MOL has a primary listing on the Budapest Stock Exchange and is a constituent of the BUX Index. As of October 2021, it has a market capitalization of $6 billion and is the second largest company listed on the Budapest Stock Exchange. MOL also has a secondary listing on the Warsaw Stock Exchange.

History

Foundation (1994–1995) 
On 1 October 1991, MOL was established as a legal successor, merging nine former members of the National Oil and Gas Trust, which had been established in 1957. By 1995, the actual integration of companies was completed, and the previously separated entities started to operate within one joint organization. MOL decided on a privatization strategy, in order to respond to international market, political and legal challenges, which the company was facing following the turmoil of the end of the Soviet Union. It thus became a pioneer in the regional consolidation of the oil and gas industry.

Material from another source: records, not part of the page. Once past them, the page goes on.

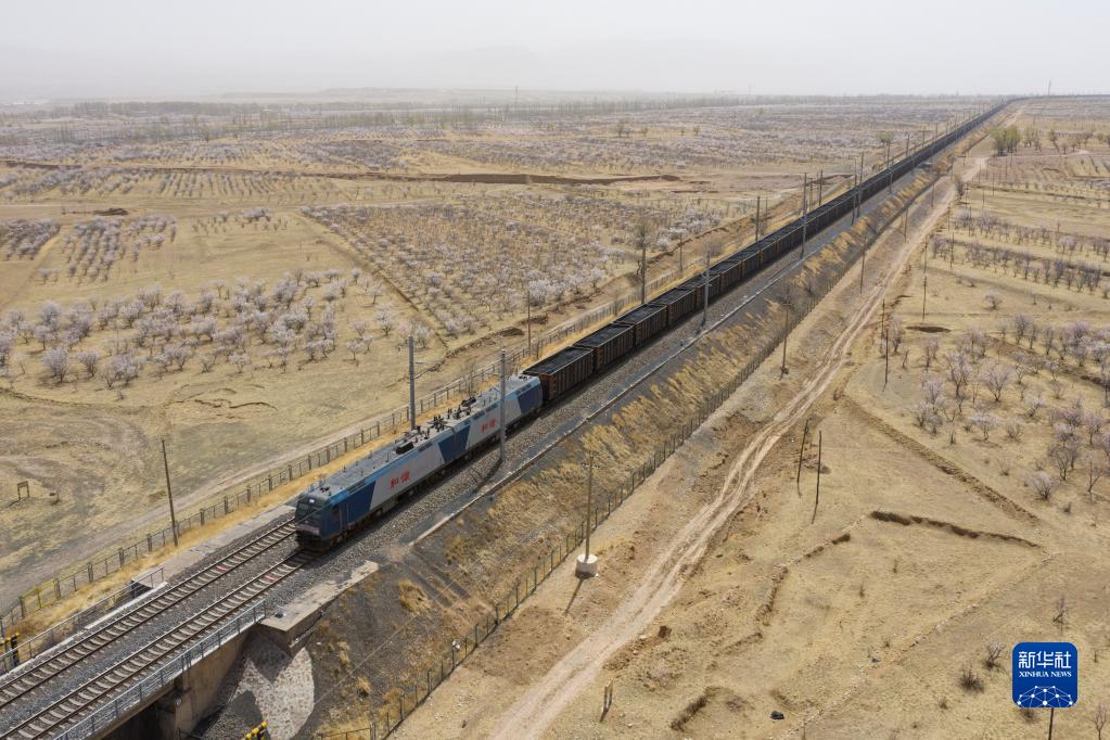 重载列车行驶在大秦铁路上(4月11日摄,无人机照片)。
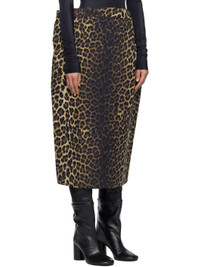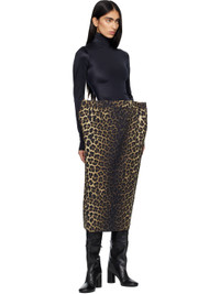Stretch nylon jersey midi skirt. · Modified construction · Leopard pattern printed throughout · Extended pinched side seams · Zip closure at back · Central vent at back hem · Fully lined Supplier color: Leopard Body: 73% polyamide, 27% elastane. Lining: 100% cupro. Made in Romania 261189F092001
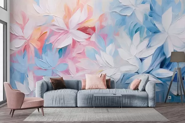 Fotomurales Flores blancas con textura y hojas rosas y azules, pintura al óleo de estilo abstracto, pinceladas suaves, colores pastel Nr. w09396

Regional expansion (1995–2001) 
In 1995, the company first expanded across national borders, opening filling stations in Transylvania, Romania. In the following years MOL continued to expand, and in 2000 acquired a 36% stake in Slovnaft, Slovakia's national oil company. The company thus became the first oil company in Central Europe to establish a cross-border partnership and also launched a new business branch by procuring 32.9% of Hungary's petrochemical company TVK.

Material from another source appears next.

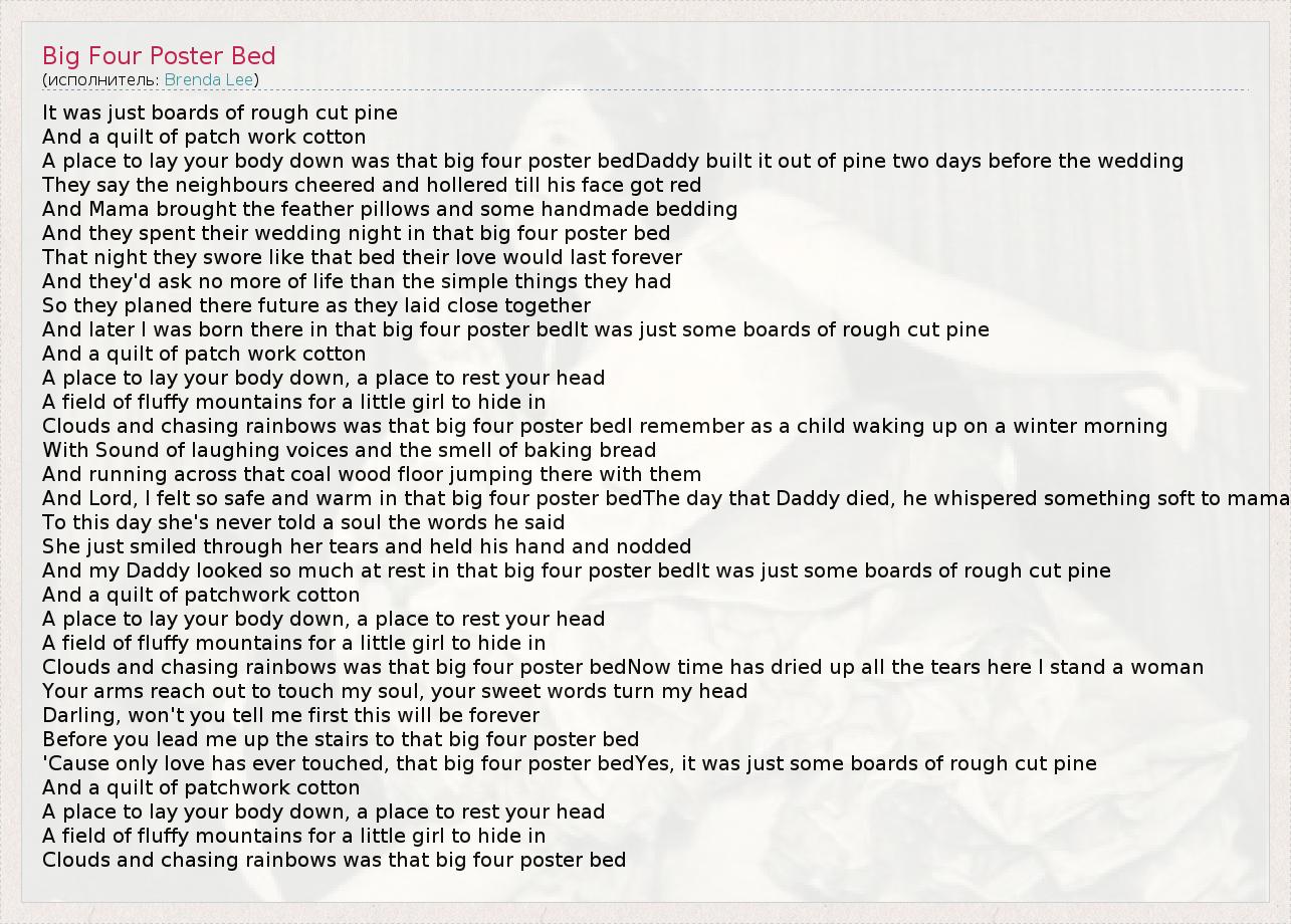 А как ты думаешь, о чем песня "Big Four Poster Bed" ?

In 1999, MOL entered Pakistan, becoming the operator of TAL Block (with 8.42% stake in production), one of the largest hydrocarbon producing blocks of the country.

International expansion (2002–2007) 
As a result of the 2002 INA Privatization Act, the open public tender for the privatization of a 25%+1 share stake in INA, Croatia's national oil company, was launched in May 2002. MOL won the tender with a bid of $505 million against OMV's offer of $420 million.

By 2004, MOL had fully acquired, in several steps, Slovakia's national refiner Slovnaft, and Hungary's leading producer of ethylene and polypropylene TVK, over which MOL gained control with increasing their stake to 34.5% in 2001. Subsequently, MOL further increased its stake in TVK to 86.56% in 2006.  In 2015, MOL then raised its shareholding in TVK to 100%.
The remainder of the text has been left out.